==== DATA SUPPLIED

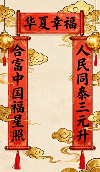 上联:合富中国福星耀,下联:人民同泰三元扬,横批:华夏幸福。还有没更好的春联?
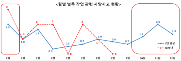 벌목작업은 전년 동기간 대비 사망사고가 175% 증가했고 최근 6년간 사망사고를 분석한 결과 10월부터 이듬해 1월까지 사망사고가 증가하는 경향이 있어 사전 예방 차원의 점검이 필요하다.
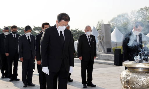 기념탑 앞에 도착한 문 대통령은 화환에 가볍게 양손을 대고 3보 앞으로 이동해 헌화했다. 문 대통령은 헌화 이후 분향하기 전 가볍게 고개를 숙인 뒤 집례관 안내에 따라 세 차례 분향하고, 다시 한번 가볍게 고개를 숙였다.
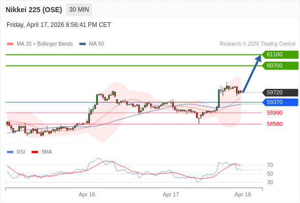在 59370 之上,看涨,目标价位为 60700 ,然后为 61100 。
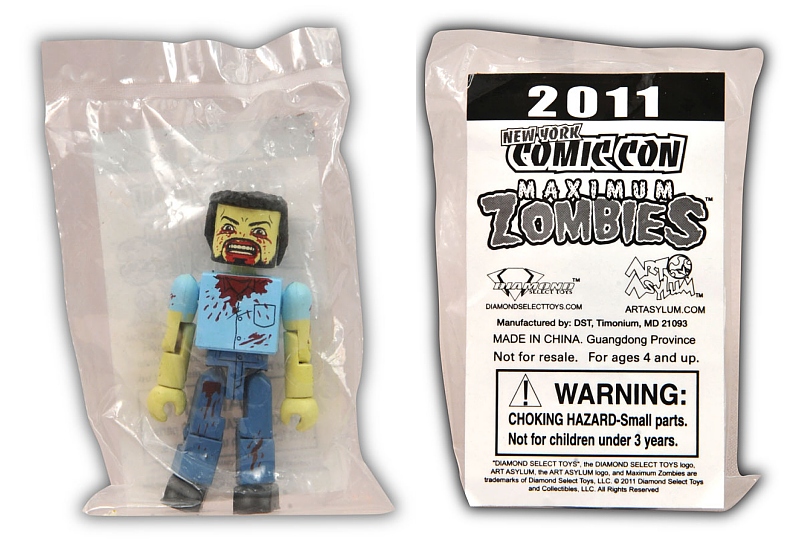 The free Minimate will be from their upcoming Maximum Zombies Minimates line, and will be a Zombie Civilian in a sealed bag. Giveaways will happen at the DST booth (#338) starting at 10:00 AM on Friday, Saturday and Sunday, WHILE SUPPLIES LAST - there will only be a limited number given out each day. (Note: Giveaways will NOT occur at noon, as they have in the past.)
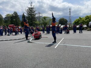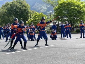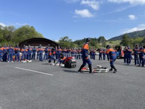 本講習会では、令和6年度の岐阜県消防操法大会に出場した福岡分団第4部による小型ポンプ操法の展示が行われました。第4部の皆さんには、日頃の訓練の成果が凝縮された大変素晴らしい展示を披露していただきました。
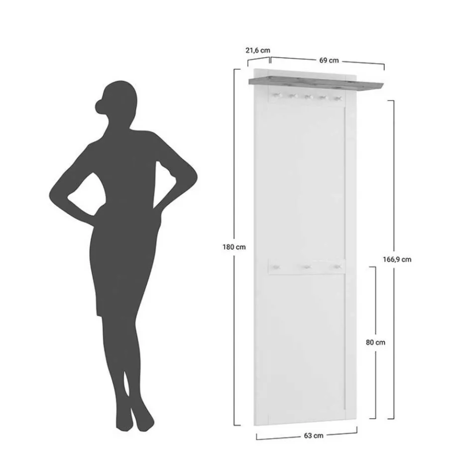 Mit einer Breite von 69 cm, einer Höhe von 180 cm und einer Tiefe von 22 cm ist das Garderobenpaneel „Zalya“ die ideale Größe für die meisten Räume. Es fügt sich harmonisch in Ihre Umgebung ein und bietet gleichzeitig ausreichend Stauraum für Ihre täglichen Utensilien, ohne den Raum zu überladen.
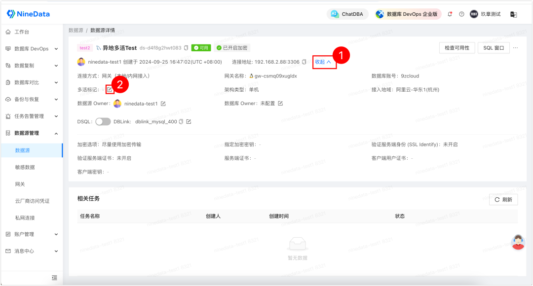 3. 单击数据源 ID 进入数据源详情页面,单击展开,找到多活标记,配置多活标记名称。该步骤所有参与复制的数据源都需要执行,以防止发生数据循环复制。步骤二:创建数据源 A、B、C 之间的双向复制任务
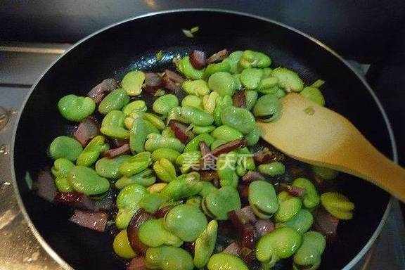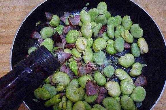 5.加入蚕豆,加入食盐。沿锅边烹入料酒,加入生抽。
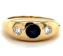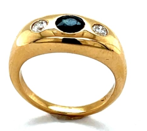 approx. 0.50ct, displaying a dark blue color, flanked by two bezel set round brilliant-cut diamonds
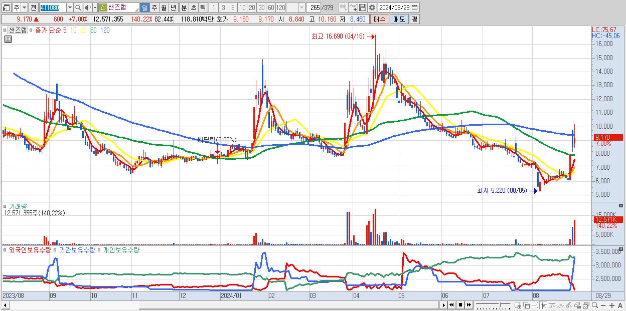 - 샌즈랩 (9,170원 ▲ 7% , 시총: 1,398억, 거래량: 12,571,355, 거래대금:1,188억)
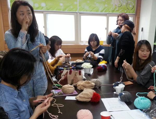| 재능 기부로 운영 중인 손뜨개 교실에서 주민들이 뜨개질을 배우고 있다. |
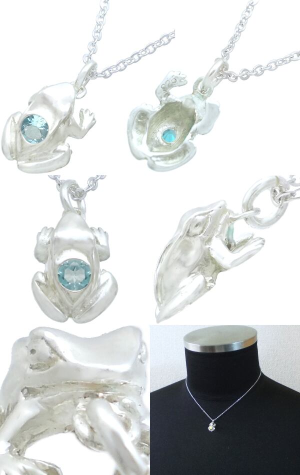 (11月)ブルートパーズ ホワイト フロッグ シルバーペンダントネックレス 誕生石*BP-1085
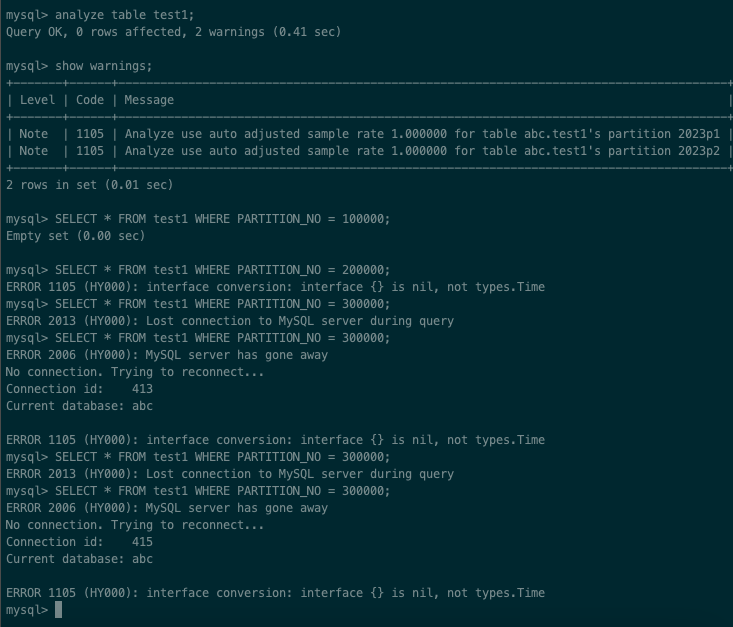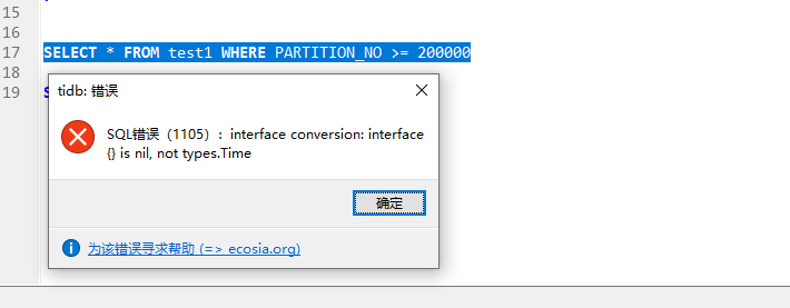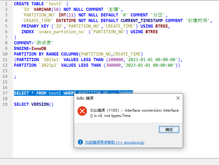 分区值为200000,查询结果等于200000都会报错,是什么原因?
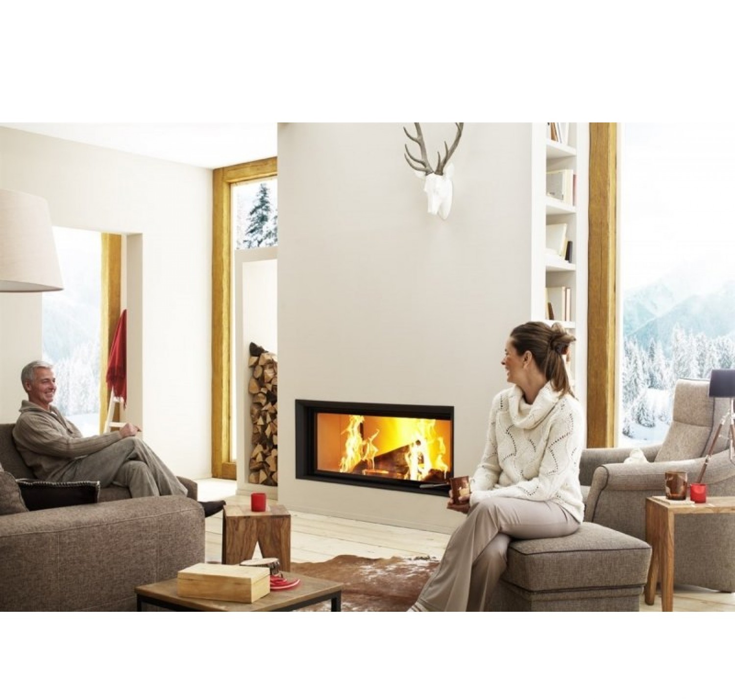 Каминная топка с прямым стеклом. Топочная камера футерована шамотом. Подъёмный механизм двери (система Easy-Lift). Ширина дверки 1660 мм. Высота дверки 538 мм. Возможно подключение воздуха извне.

========

TASK STATEMENT> Pictures excluded, output exactly the line that contains "- 샌즈랩 (9,170원" and every line after it to the end of the data above.

ANSWER SPACE>
 - 샌즈랩 (9,170원 ▲ 7% , 시총: 1,398억, 거래량: 12,571,355, 거래대금:1,188억)
| 재능 기부로 운영 중인 손뜨개 교실에서 주민들이 뜨개질을 배우고 있다. |
 (11月)ブルートパーズ ホワイト フロッグ シルバーペンダントネックレス 誕生石*BP-1085
 分区值为200000,查询结果等于200000都会报错,是什么原因?
 Каминная топка с прямым стеклом. Топочная камера футерована шамотом. Подъёмный механизм двери (система Easy-Lift). Ширина дверки 1660 мм. Высота дверки 538 мм. Возможно подключение воздуха извне.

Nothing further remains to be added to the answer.